● What you need to do
The records are to be copied in their entirety, exactly as given.

§ §

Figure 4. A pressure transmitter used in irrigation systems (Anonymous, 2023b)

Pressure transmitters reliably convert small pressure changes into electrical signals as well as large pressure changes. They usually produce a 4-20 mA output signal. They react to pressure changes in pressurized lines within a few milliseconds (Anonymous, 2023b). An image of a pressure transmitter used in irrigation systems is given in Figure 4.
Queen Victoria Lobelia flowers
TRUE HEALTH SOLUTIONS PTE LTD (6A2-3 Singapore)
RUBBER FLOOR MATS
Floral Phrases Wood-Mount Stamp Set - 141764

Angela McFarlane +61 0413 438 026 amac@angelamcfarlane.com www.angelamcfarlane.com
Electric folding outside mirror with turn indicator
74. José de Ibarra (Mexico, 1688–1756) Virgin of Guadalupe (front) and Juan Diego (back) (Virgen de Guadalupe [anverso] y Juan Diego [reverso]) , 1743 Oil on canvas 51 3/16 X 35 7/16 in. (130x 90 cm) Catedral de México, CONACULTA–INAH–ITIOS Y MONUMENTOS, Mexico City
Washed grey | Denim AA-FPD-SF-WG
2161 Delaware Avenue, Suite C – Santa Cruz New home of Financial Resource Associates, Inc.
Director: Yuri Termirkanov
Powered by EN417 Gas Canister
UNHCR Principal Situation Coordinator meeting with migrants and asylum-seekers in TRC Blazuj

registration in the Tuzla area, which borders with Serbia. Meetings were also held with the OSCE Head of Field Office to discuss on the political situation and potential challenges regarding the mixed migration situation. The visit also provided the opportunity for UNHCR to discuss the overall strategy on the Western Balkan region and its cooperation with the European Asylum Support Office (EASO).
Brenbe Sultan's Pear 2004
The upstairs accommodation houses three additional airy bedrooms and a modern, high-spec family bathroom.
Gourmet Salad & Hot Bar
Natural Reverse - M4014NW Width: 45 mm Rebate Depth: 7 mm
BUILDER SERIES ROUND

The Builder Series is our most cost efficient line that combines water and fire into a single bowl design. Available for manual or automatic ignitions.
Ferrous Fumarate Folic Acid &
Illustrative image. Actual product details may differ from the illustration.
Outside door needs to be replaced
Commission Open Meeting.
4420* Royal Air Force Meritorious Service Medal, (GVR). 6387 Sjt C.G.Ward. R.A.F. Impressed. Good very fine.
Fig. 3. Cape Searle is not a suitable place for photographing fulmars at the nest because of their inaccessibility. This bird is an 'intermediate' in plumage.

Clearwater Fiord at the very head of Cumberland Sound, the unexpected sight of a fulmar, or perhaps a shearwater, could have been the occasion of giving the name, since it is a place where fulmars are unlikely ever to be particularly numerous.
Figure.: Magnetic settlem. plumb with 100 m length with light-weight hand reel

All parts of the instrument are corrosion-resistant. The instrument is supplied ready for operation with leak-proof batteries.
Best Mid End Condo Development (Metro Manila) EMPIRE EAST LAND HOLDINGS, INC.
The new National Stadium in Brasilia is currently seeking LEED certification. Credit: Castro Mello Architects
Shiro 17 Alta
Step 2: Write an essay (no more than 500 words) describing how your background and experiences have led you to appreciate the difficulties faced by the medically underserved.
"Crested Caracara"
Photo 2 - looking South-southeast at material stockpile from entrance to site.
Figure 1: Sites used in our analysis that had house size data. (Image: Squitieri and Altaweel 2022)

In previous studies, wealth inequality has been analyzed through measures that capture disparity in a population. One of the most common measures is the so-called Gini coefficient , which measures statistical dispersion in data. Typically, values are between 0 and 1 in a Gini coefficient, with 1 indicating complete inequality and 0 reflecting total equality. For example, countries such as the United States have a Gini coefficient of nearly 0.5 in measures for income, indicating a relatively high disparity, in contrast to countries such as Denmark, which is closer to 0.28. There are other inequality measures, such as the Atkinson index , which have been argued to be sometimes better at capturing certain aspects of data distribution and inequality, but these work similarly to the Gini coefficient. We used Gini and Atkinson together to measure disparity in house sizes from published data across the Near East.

§ §

● Response area
Figure 4. A pressure transmitter used in irrigation systems (Anonymous, 2023b)

Pressure transmitters reliably convert small pressure changes into electrical signals as well as large pressure changes. They usually produce a 4-20 mA output signal. They react to pressure changes in pressurized lines within a few milliseconds (Anonymous, 2023b). An image of a pressure transmitter used in irrigation systems is given in Figure 4.
Queen Victoria Lobelia flowers
TRUE HEALTH SOLUTIONS PTE LTD (6A2-3 Singapore)
RUBBER FLOOR MATS
Floral Phrases Wood-Mount Stamp Set - 141764

Angela McFarlane +61 0413 438 026 amac@angelamcfarlane.com www.angelamcfarlane.com
Electric folding outside mirror with turn indicator
74. José de Ibarra (Mexico, 1688–1756) Virgin of Guadalupe (front) and Juan Diego (back) (Virgen de Guadalupe [anverso] y Juan Diego [reverso]) , 1743 Oil on canvas 51 3/16 X 35 7/16 in. (130x 90 cm) Catedral de México, CONACULTA–INAH–ITIOS Y MONUMENTOS, Mexico City
Washed grey | Denim AA-FPD-SF-WG
2161 Delaware Avenue, Suite C – Santa Cruz New home of Financial Resource Associates, Inc.
Director: Yuri Termirkanov
Powered by EN417 Gas Canister
UNHCR Principal Situation Coordinator meeting with migrants and asylum-seekers in TRC Blazuj

registration in the Tuzla area, which borders with Serbia. Meetings were also held with the OSCE Head of Field Office to discuss on the political situation and potential challenges regarding the mixed migration situation. The visit also provided the opportunity for UNHCR to discuss the overall strategy on the Western Balkan region and its cooperation with the European Asylum Support Office (EASO).
Brenbe Sultan's Pear 2004
The upstairs accommodation houses three additional airy bedrooms and a modern, high-spec family bathroom.
Gourmet Salad & Hot Bar
Natural Reverse - M4014NW Width: 45 mm Rebate Depth: 7 mm
BUILDER SERIES ROUND

The Builder Series is our most cost efficient line that combines water and fire into a single bowl design. Available for manual or automatic ignitions.
Ferrous Fumarate Folic Acid &
Illustrative image. Actual product details may differ from the illustration.
Outside door needs to be replaced
Commission Open Meeting.
4420* Royal Air Force Meritorious Service Medal, (GVR). 6387 Sjt C.G.Ward. R.A.F. Impressed. Good very fine.
Fig. 3. Cape Searle is not a suitable place for photographing fulmars at the nest because of their inaccessibility. This bird is an 'intermediate' in plumage.

Clearwater Fiord at the very head of Cumberland Sound, the unexpected sight of a fulmar, or perhaps a shearwater, could have been the occasion of giving the name, since it is a place where fulmars are unlikely ever to be particularly numerous.
Figure.: Magnetic settlem. plumb with 100 m length with light-weight hand reel

All parts of the instrument are corrosion-resistant. The instrument is supplied ready for operation with leak-proof batteries.
Best Mid End Condo Development (Metro Manila) EMPIRE EAST LAND HOLDINGS, INC.
The new National Stadium in Brasilia is currently seeking LEED certification. Credit: Castro Mello Architects
Shiro 17 Alta
Step 2: Write an essay (no more than 500 words) describing how your background and experiences have led you to appreciate the difficulties faced by the medically underserved.
"Crested Caracara"
Photo 2 - looking South-southeast at material stockpile from entrance to site.
Figure 1: Sites used in our analysis that had house size data. (Image: Squitieri and Altaweel 2022)

In previous studies, wealth inequality has been analyzed through measures that capture disparity in a population. One of the most common measures is the so-called Gini coefficient , which measures statistical dispersion in data. Typically, values are between 0 and 1 in a Gini coefficient, with 1 indicating complete inequality and 0 reflecting total equality. For example, countries such as the United States have a Gini coefficient of nearly 0.5 in measures for income, indicating a relatively high disparity, in contrast to countries such as Denmark, which is closer to 0.28. There are other inequality measures, such as the Atkinson index , which have been argued to be sometimes better at capturing certain aspects of data distribution and inequality, but these work similarly to the Gini coefficient. We used Gini and Atkinson together to measure disparity in house sizes from published data across the Near East.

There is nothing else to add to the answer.